The young British conductor Robin Ticciati has cancelled this month’s concerts with the Scottish Chamber Orchestra due to a herniated disc.

Robin is laid up somewhere in Europe, unable to travel until the condition eases. We wish him a speedy recovery.

He is next due to conduct in May at Glyndebourne, where he is music director.

robin ticciati

Comments

  • Igor Kennaway says:

    Simon Rattle is on record as having said that if, after conducting the ‘Eroica’ (it may have been Beethoven 7), you do not need to see your osteopath, something was wrong with the performance! Having slipped in my bathroom in my apartment in Stuttgart just before conducting a performance of ‘Werther’ and put my back out, I had to be lifted on to the podium in the orchestra pit at the Stuttgart Staatsoper. I was offered pain-relief injections which I declined and was in such pain that it took several minutes to reach the stage for our curtain calls. So he has my sympathy. Maybe this is what happens to conductors who went to St Paul’s School?

  • Alexander Hall says:

    I suggest that inappropriate posture has a lot to do with orthopaedic problems of this kind. Whenever I have seen Ticciati conducting I was puzzled by the perpetually hunched shoulders he presented to the audience. That in itself is an indication of a body not in the relaxed mode: tightness and spasms will then often occur, and if the conductor in question twists and turns while conducting the spinal discs will be put under considerable pressure. Not only conductors need to think about a suitable posture: I fear for the many pianists I have seen who hunch themselves up in an apparent effort to devour the keys. Not to be recommended.

  • Cubs Fan says:

    There are so many conductors these days who seem to think their gyrations and podium antics are entertaining and meaningful. They should watch films made of the likes of Szell, Reiner, Monteux, Boult, Giulini, Strauss, and others who got extraordinary results with minimal movement – just clear, precise batons and facial expressions. This is Bernstein’s real legacy, sorry to say.

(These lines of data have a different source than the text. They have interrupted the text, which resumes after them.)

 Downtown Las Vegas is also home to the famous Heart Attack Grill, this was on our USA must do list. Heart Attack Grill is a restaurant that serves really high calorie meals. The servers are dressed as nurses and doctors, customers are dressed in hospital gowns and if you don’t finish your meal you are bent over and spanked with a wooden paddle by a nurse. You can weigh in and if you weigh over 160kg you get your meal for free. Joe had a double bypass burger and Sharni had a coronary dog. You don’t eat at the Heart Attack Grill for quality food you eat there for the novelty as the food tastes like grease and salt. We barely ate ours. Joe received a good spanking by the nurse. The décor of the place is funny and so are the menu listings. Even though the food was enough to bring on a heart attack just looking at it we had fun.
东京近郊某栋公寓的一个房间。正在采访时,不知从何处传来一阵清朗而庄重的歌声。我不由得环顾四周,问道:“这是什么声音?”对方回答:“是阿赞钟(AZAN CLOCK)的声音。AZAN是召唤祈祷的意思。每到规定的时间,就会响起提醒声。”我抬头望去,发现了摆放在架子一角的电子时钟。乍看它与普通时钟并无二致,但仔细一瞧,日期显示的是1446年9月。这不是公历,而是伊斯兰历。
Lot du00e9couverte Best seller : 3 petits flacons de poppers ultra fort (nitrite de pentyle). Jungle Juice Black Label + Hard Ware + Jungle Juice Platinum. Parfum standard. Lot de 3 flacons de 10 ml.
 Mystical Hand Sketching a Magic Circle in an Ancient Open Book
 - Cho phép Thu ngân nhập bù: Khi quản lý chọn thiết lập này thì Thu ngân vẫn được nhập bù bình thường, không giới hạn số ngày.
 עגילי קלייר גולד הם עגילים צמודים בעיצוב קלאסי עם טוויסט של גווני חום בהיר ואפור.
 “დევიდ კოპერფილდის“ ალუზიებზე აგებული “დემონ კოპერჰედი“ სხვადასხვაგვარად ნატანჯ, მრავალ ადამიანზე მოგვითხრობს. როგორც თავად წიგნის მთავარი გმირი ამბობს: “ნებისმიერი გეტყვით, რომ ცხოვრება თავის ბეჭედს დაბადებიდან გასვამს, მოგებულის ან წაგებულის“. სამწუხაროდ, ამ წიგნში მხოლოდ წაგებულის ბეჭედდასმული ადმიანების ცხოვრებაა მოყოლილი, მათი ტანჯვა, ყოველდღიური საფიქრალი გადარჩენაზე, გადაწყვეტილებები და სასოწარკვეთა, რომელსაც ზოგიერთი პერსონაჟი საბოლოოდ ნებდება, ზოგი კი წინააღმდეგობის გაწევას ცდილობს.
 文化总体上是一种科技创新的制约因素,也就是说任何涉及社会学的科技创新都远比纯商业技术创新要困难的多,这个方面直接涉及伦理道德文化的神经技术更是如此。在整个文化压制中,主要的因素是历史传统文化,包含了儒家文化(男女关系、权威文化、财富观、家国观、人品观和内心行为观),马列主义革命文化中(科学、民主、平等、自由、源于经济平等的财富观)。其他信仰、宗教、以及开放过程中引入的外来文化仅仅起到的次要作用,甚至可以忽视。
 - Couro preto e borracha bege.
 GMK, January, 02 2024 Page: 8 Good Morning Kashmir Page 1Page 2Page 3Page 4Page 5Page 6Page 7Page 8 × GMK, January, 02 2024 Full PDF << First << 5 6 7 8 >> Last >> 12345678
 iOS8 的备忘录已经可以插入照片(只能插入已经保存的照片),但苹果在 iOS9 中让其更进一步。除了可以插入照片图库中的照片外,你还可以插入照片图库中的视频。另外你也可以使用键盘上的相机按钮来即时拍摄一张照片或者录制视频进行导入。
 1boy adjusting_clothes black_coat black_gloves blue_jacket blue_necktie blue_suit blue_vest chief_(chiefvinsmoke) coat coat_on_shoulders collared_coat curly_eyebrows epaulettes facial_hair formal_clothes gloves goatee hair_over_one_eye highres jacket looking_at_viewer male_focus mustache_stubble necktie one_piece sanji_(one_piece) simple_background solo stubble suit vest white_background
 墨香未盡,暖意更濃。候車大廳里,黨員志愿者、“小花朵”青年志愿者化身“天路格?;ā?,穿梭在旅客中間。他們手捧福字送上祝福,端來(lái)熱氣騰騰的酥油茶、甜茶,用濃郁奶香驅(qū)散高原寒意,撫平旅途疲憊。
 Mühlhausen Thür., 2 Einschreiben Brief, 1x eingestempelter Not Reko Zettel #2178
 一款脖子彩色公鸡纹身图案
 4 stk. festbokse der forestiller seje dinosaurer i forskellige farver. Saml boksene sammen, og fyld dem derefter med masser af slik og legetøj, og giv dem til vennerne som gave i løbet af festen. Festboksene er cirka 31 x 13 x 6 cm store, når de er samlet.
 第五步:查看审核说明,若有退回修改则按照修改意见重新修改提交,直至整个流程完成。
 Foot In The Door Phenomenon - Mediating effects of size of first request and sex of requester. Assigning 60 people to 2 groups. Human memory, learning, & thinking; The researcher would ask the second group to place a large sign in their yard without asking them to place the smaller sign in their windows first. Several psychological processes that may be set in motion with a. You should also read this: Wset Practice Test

    • Peter Phillips says:

      There’s a lesson how to do it with precise, powerful and clear direction in the Toscanini Beethoven 9 on YouTube.

  • Simon Evnine says:

    ==Bernstein’s real legacy,

    Bernstein suffered from terrible backache, as documented in the John Gruen book.

  • Peter says:

    Rattle is right about the conductor’s performance. As far as music is concerned, that’s an entirely different matter.